Dataset entries ->

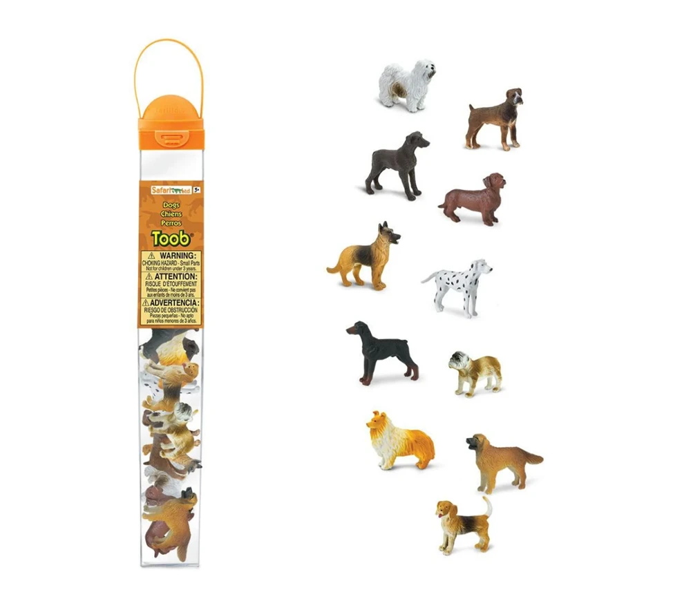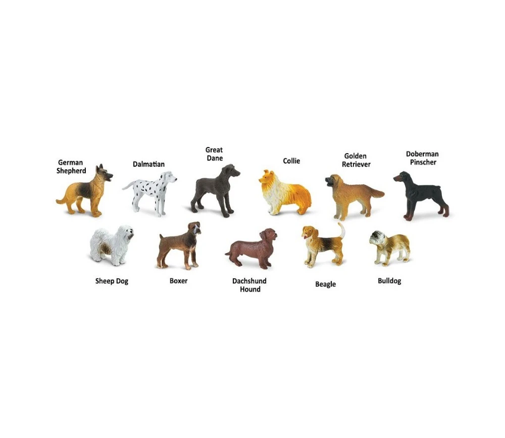 Tube de 11 figurines chiens en plastique pour enfants et jeux, 11 races différentes.
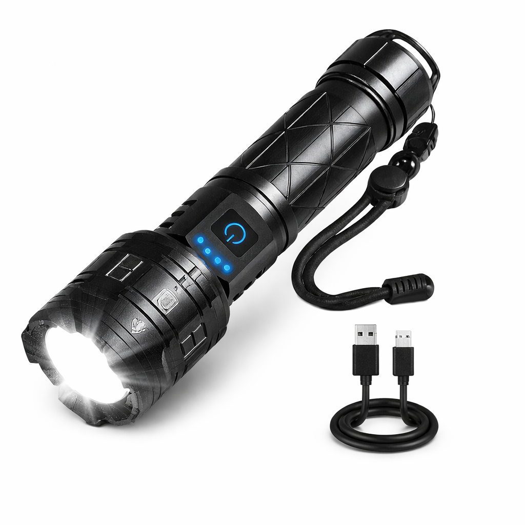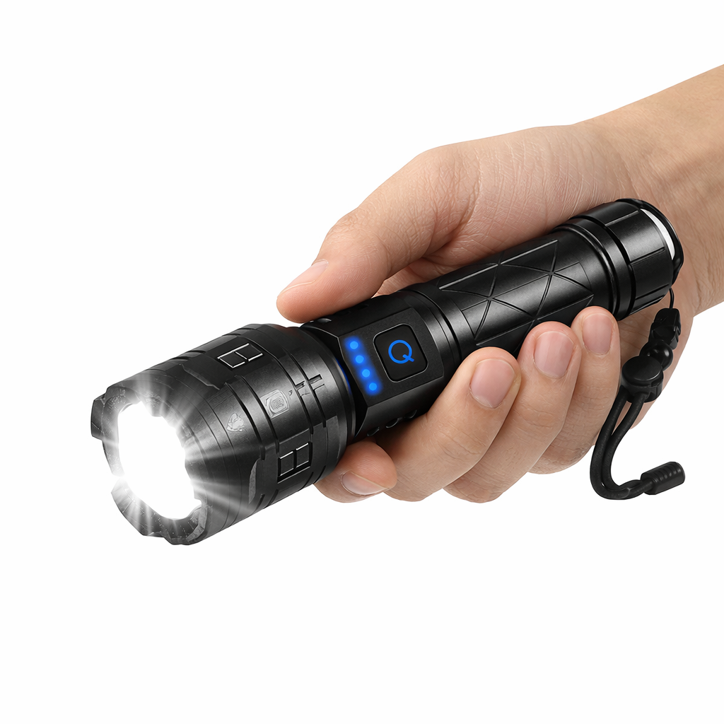 Fabricada con materiales de alta resistencia, esta linterna está diseñada para ofrecer rendimiento, durabilidad y potencia inigualable.
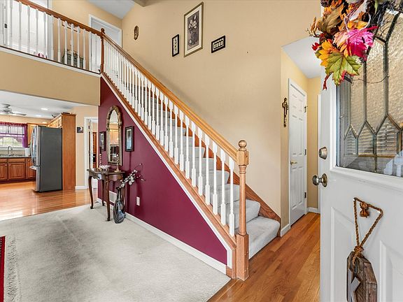 Welcome to this beautifully maintained 3-bedroom, 3-bathroom, 1.5-story zero-lot home near Lake of the Woods, offering scenic water views and spacious living throughout. The main floor features a bright living room with vaulted ceilings and a cozy fireplace, a large eat-in kitchen perfect for gatherings, a convenient laundry room, and a generous primary en suite with a walk-in closet. Upstairs, you'll find two oversized bedrooms with ample closet space and a full bathroom. The full basement expands your living options with a large finished rec room and an additional full bath. Enjoy relaxing or entertaining on the back deck with a pergola, all while overlooking the tranquil water.
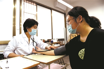 5月14日,在安徽省合肥市第二中学,合肥市第一人民医院体检中心的医务人员(左)为高三学生体检。该医院负责合肥市区四十五所中学共计三万余名考生的体检工作。
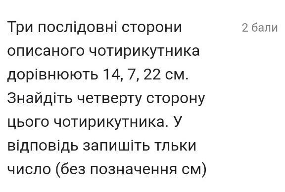 Неизвестная сторона данного четврёхугольника равна 29 см.
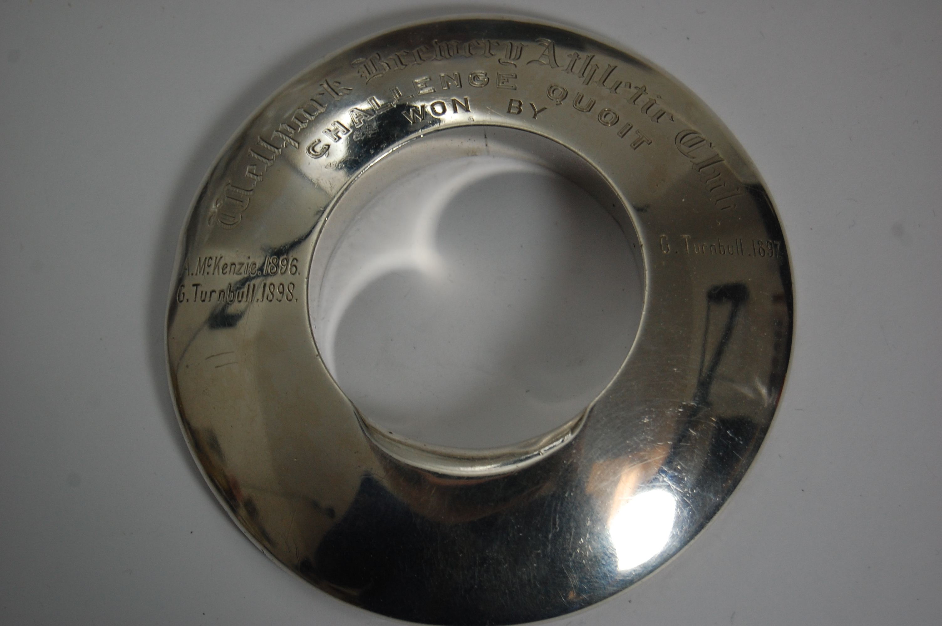 Thomas Ross & Sons, Glasgow 1895, traditionally formed with a presentation inscription to obverse ' Wellpark Brewery Athletic Club challenge quoit won by...' with three presentation inscriptions
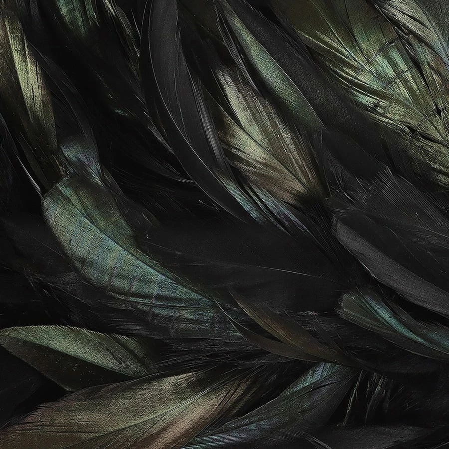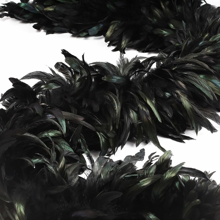 This full and fluffy rooster coque feather boa is an iridescent black that gives off an emerald shimmer. It is sewn with wire to prevent shedding and unraveling.
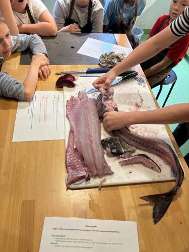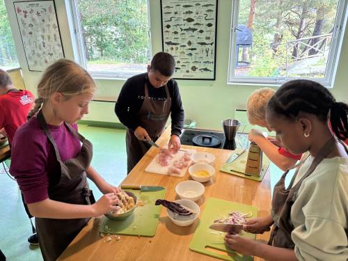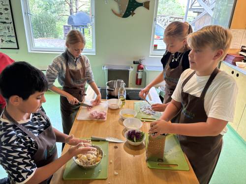 Dag to møtte vi opp på fiskebrygga. Der stod Helene og Marcus (en av norges raskeste filetskjærere) og ventet på oss. Denne dagen var fokuset på å lære om organene til fisken og tilbereding av fisk. På menyen denne dagen var det tacoinspirerte fiskepinner med egenlagde potetlomper og ulike salater. NAM!
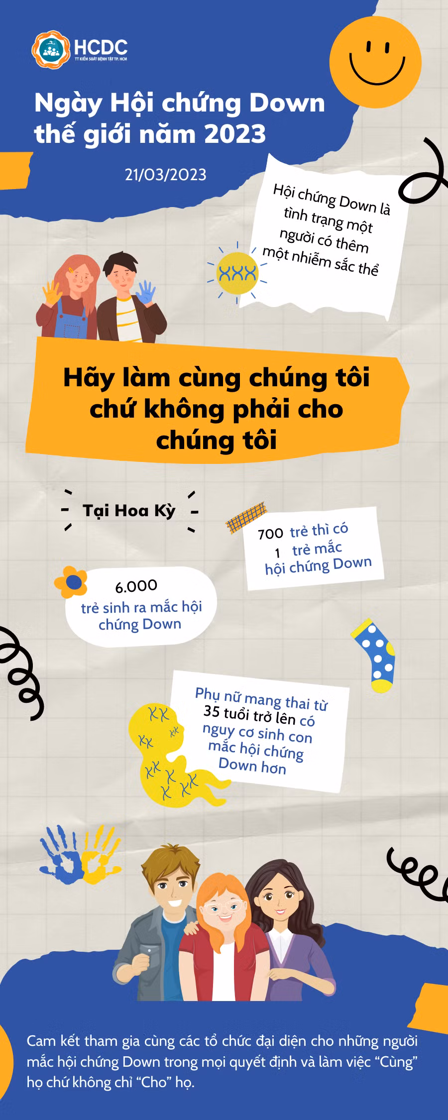 Chủ đề của Ngày Hội chứng Down thế giới năm nay là "Hãy làm cùng chúng tôi chứ không phải cho chúng tôi". Thông điệp này là chìa khóa cho cách tiếp cận người khuyết tật dựa trên quyền con người.
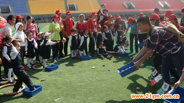 當(dāng)天早上8點(diǎn),體育中心賽場周圍就聚集了無數(shù)的家長和孩子,他們?nèi)缤右粓鍪?huì)一樣懷著激動(dòng)的心情等待化妝老師為孩子們精心打扮。9點(diǎn)準(zhǔn)時(shí)響起運(yùn)動(dòng)員進(jìn)行曲,教師和幼兒家長精神抖擻,口號(hào)響亮,邁著整齊的步伐,英姿颯爽地走入運(yùn)動(dòng)場。接著,市教育局領(lǐng)導(dǎo)致開幕詞后,運(yùn)動(dòng)會(huì)正式拉開了序幕。
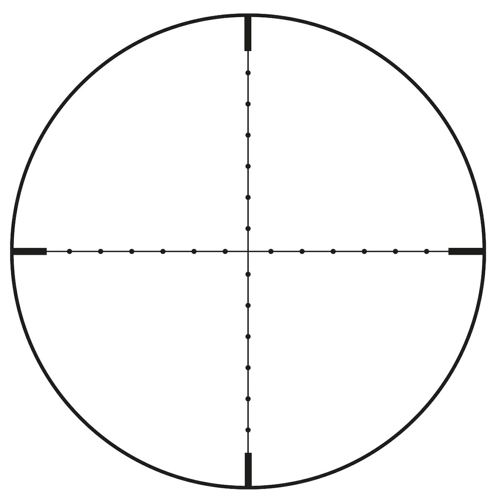Model wyposażono w siatkę celowniczą Mil-Dot umieszczoną w drugiej płaszczyźnie ogniskowej SFP (Second Focal Plane). Podświetlenie krzyża w kolorze czerwonym i zielonym zwiększa czytelność, poprawiając jego widoczność na tle zróżnicowanego otoczenia i przy ograniczonym oświetleniu. Krzyż regulowany jest zarówno w pionie, jak i w poziomie. Zakres regulacji w obu płaszczyznach wynosi 192 MOA, przy skoku o 1/4 MOA na każdy klik.

YOUR INSTRUCTIONS ->
Leave the images out and print each entry exactly.

RESPONSE FOR THIS EXERCISE ->
 Tube de 11 figurines chiens en plastique pour enfants et jeux, 11 races différentes.
 Fabricada con materiales de alta resistencia, esta linterna está diseñada para ofrecer rendimiento, durabilidad y potencia inigualable.
 Welcome to this beautifully maintained 3-bedroom, 3-bathroom, 1.5-story zero-lot home near Lake of the Woods, offering scenic water views and spacious living throughout. The main floor features a bright living room with vaulted ceilings and a cozy fireplace, a large eat-in kitchen perfect for gatherings, a convenient laundry room, and a generous primary en suite with a walk-in closet. Upstairs, you'll find two oversized bedrooms with ample closet space and a full bathroom. The full basement expands your living options with a large finished rec room and an additional full bath. Enjoy relaxing or entertaining on the back deck with a pergola, all while overlooking the tranquil water.
 5月14日,在安徽省合肥市第二中学,合肥市第一人民医院体检中心的医务人员(左)为高三学生体检。该医院负责合肥市区四十五所中学共计三万余名考生的体检工作。
 Неизвестная сторона данного четврёхугольника равна 29 см.
 Thomas Ross & Sons, Glasgow 1895, traditionally formed with a presentation inscription to obverse ' Wellpark Brewery Athletic Club challenge quoit won by...' with three presentation inscriptions
 This full and fluffy rooster coque feather boa is an iridescent black that gives off an emerald shimmer. It is sewn with wire to prevent shedding and unraveling.
 Dag to møtte vi opp på fiskebrygga. Der stod Helene og Marcus (en av norges raskeste filetskjærere) og ventet på oss. Denne dagen var fokuset på å lære om organene til fisken og tilbereding av fisk. På menyen denne dagen var det tacoinspirerte fiskepinner med egenlagde potetlomper og ulike salater. NAM!
 Chủ đề của Ngày Hội chứng Down thế giới năm nay là "Hãy làm cùng chúng tôi chứ không phải cho chúng tôi". Thông điệp này là chìa khóa cho cách tiếp cận người khuyết tật dựa trên quyền con người.
 當(dāng)天早上8點(diǎn),體育中心賽場周圍就聚集了無數(shù)的家長和孩子,他們?nèi)缤右粓鍪?huì)一樣懷著激動(dòng)的心情等待化妝老師為孩子們精心打扮。9點(diǎn)準(zhǔn)時(shí)響起運(yùn)動(dòng)員進(jìn)行曲,教師和幼兒家長精神抖擻,口號(hào)響亮,邁著整齊的步伐,英姿颯爽地走入運(yùn)動(dòng)場。接著,市教育局領(lǐng)導(dǎo)致開幕詞后,運(yùn)動(dòng)會(huì)正式拉開了序幕。
Model wyposażono w siatkę celowniczą Mil-Dot umieszczoną w drugiej płaszczyźnie ogniskowej SFP (Second Focal Plane). Podświetlenie krzyża w kolorze czerwonym i zielonym zwiększa czytelność, poprawiając jego widoczność na tle zróżnicowanego otoczenia i przy ograniczonym oświetleniu. Krzyż regulowany jest zarówno w pionie, jak i w poziomie. Zakres regulacji w obu płaszczyznach wynosi 192 MOA, przy skoku o 1/4 MOA na każdy klik.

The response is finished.